# how to make your loose magic tight again



## daniel0731ex (Sep 27, 2009)

just put it in the fridge

i accidently did that today when i was pouring my milk. i totally forgot about it and was searching for it like crazy for an hour:fp

it actually worked pretty well. my magic was terribly loose before, and now it's really nice


----------



## Tdude (Sep 27, 2009)

lol
in the fridge


----------



## PatrickJameson (Sep 27, 2009)

When my magic was still quite tight, I used to put it under a heating pad to make it looser .

Now that my magic is extremely loose I just put 22 strings on it to make it tighter <_<.


----------



## riffz (Oct 2, 2009)

Wouldn't being in the fridge just temporarily tighten it while the strings are cold?


----------



## AvGalen (Oct 2, 2009)

riffz said:


> Wouldn't being in the fridge just temporarily tighten it while the strings are cold?

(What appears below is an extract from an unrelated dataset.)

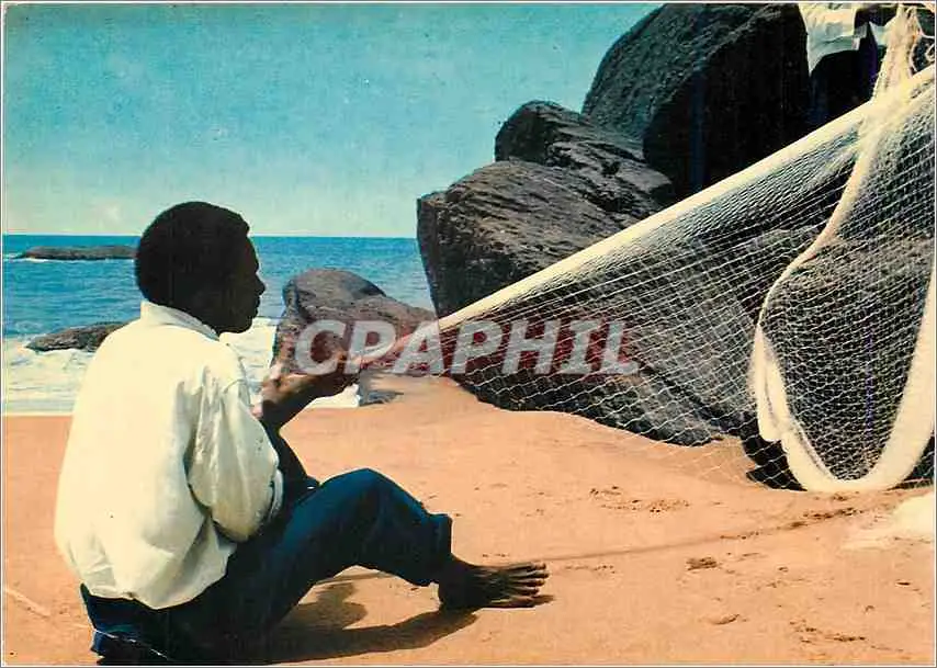 Cartes postales moderne Cameroun Littoral Kribi Fabrication d'un filet de peche

Yes, but the effects actually last for quite a while (hours, not minutes) and Magic is only a short event anyway

To temporarily loosen: warmth, quite a lot of it (not heat!)
To permanently loosen: stretch the strings by putting things in between the tiles for a couple of days
To temporarily tighten: fridge
To permanently tighten: uhmmmm........Restring with new strings?


----------